DATA RECORDS:
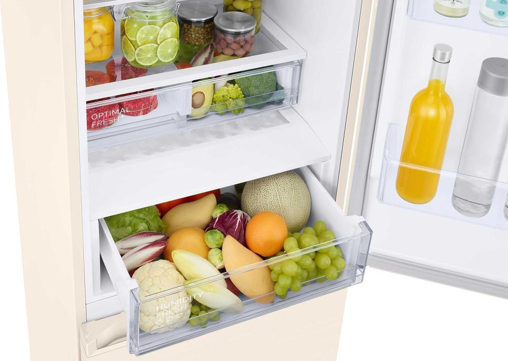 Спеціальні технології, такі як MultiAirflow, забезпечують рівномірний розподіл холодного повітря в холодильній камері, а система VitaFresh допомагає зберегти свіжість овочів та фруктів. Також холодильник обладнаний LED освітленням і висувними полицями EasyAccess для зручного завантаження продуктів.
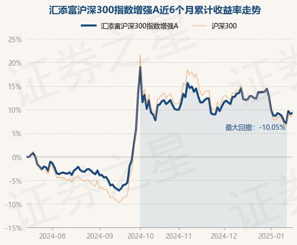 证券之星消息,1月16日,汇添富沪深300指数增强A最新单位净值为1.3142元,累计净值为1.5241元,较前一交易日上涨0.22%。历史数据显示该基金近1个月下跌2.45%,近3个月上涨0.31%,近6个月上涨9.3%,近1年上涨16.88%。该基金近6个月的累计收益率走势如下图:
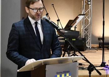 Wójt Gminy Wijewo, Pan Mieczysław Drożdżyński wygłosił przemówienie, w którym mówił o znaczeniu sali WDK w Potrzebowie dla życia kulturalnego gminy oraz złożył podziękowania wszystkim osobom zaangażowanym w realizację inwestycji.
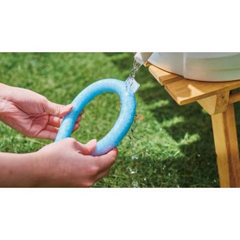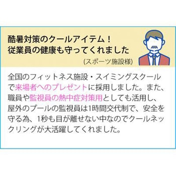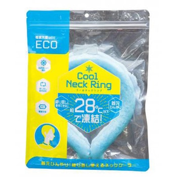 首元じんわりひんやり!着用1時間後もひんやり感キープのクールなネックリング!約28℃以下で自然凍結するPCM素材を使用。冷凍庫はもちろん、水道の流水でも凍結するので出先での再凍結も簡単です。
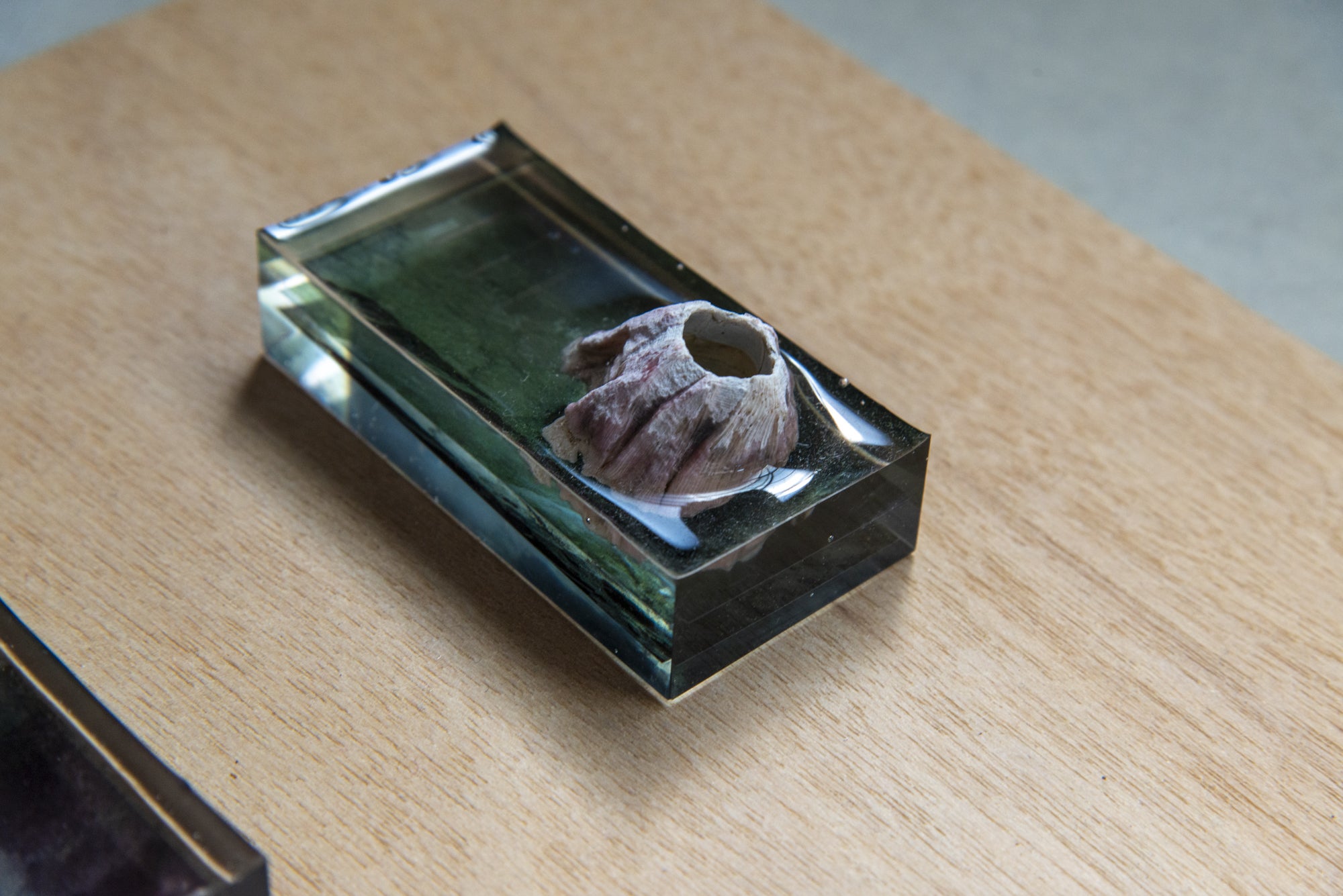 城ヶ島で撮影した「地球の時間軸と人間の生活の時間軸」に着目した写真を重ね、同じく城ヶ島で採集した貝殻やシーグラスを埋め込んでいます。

--

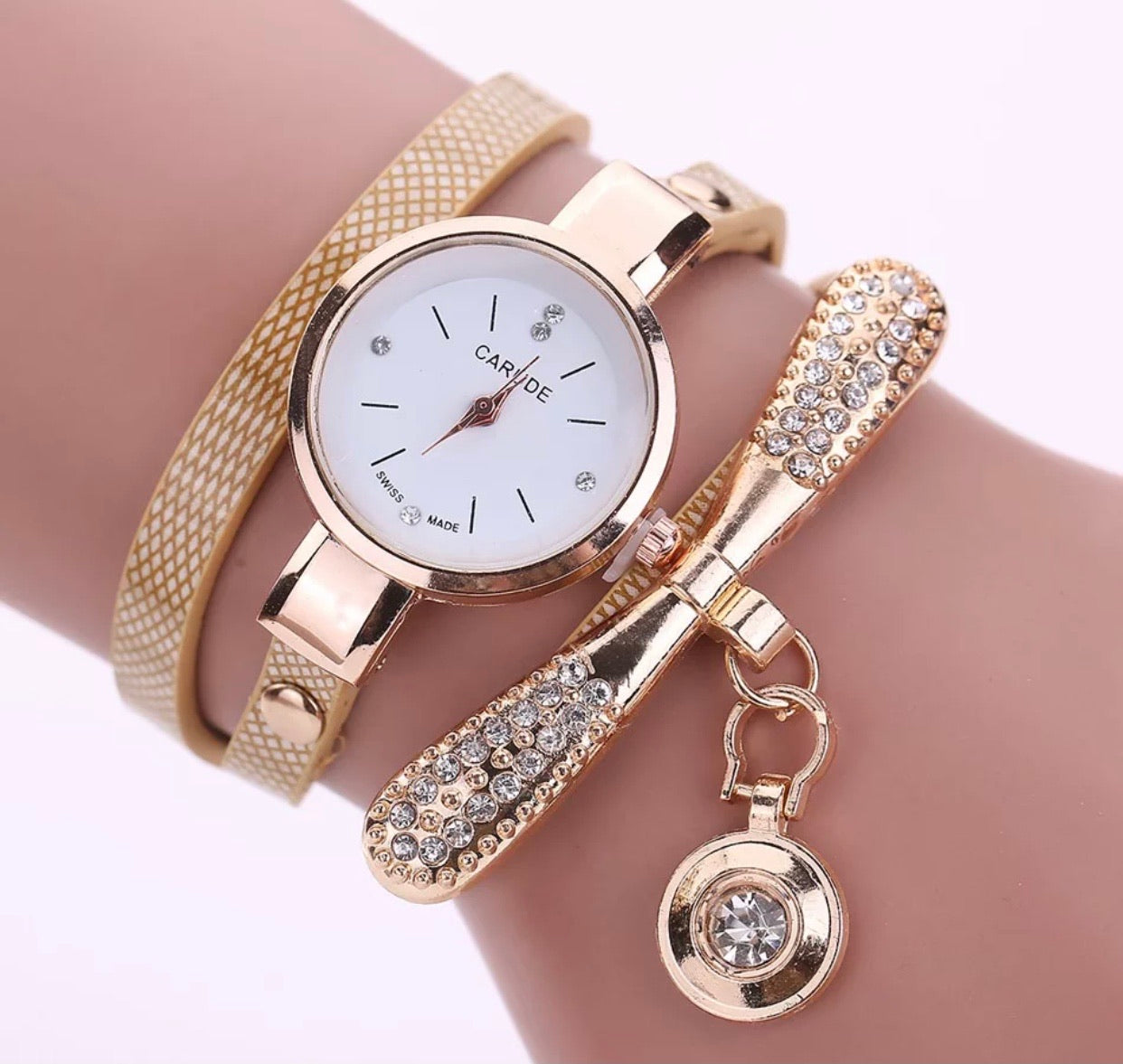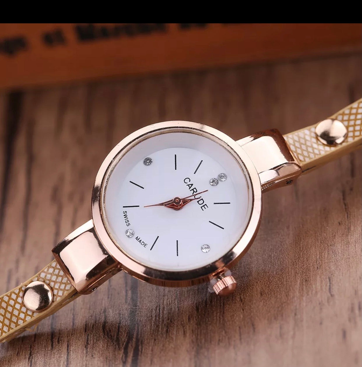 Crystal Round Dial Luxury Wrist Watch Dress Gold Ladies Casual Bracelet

--

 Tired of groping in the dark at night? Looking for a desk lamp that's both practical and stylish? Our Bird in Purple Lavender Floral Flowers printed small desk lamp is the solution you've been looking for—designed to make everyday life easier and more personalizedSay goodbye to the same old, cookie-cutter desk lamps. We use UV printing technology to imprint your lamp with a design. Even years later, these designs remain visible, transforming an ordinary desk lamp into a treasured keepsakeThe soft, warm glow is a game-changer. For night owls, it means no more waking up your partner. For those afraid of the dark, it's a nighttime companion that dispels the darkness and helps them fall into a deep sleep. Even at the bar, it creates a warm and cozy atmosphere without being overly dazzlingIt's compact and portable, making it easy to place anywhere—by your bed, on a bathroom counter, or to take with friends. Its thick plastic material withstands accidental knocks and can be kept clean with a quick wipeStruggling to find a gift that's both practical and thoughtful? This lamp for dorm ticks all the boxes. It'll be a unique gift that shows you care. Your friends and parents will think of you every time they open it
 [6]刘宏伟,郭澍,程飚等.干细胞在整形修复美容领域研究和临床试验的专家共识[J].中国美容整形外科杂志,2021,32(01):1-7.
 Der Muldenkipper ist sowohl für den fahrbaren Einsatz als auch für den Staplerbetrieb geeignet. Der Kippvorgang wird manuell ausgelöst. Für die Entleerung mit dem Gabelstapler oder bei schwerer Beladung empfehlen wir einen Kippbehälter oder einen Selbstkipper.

WORK ORDER: Pictures in the material above should be skipped; print exactly the lines from the one with "Спеціальні технології, такі" through the one with "城ヶ島で撮影した「地球の時間".

SOLUTION BELOW:
 Спеціальні технології, такі як MultiAirflow, забезпечують рівномірний розподіл холодного повітря в холодильній камері, а система VitaFresh допомагає зберегти свіжість овочів та фруктів. Також холодильник обладнаний LED освітленням і висувними полицями EasyAccess для зручного завантаження продуктів.
 证券之星消息,1月16日,汇添富沪深300指数增强A最新单位净值为1.3142元,累计净值为1.5241元,较前一交易日上涨0.22%。历史数据显示该基金近1个月下跌2.45%,近3个月上涨0.31%,近6个月上涨9.3%,近1年上涨16.88%。该基金近6个月的累计收益率走势如下图:
 Wójt Gminy Wijewo, Pan Mieczysław Drożdżyński wygłosił przemówienie, w którym mówił o znaczeniu sali WDK w Potrzebowie dla życia kulturalnego gminy oraz złożył podziękowania wszystkim osobom zaangażowanym w realizację inwestycji.
 首元じんわりひんやり!着用1時間後もひんやり感キープのクールなネックリング!約28℃以下で自然凍結するPCM素材を使用。冷凍庫はもちろん、水道の流水でも凍結するので出先での再凍結も簡単です。
 城ヶ島で撮影した「地球の時間軸と人間の生活の時間軸」に着目した写真を重ね、同じく城ヶ島で採集した貝殻やシーグラスを埋め込んでいます。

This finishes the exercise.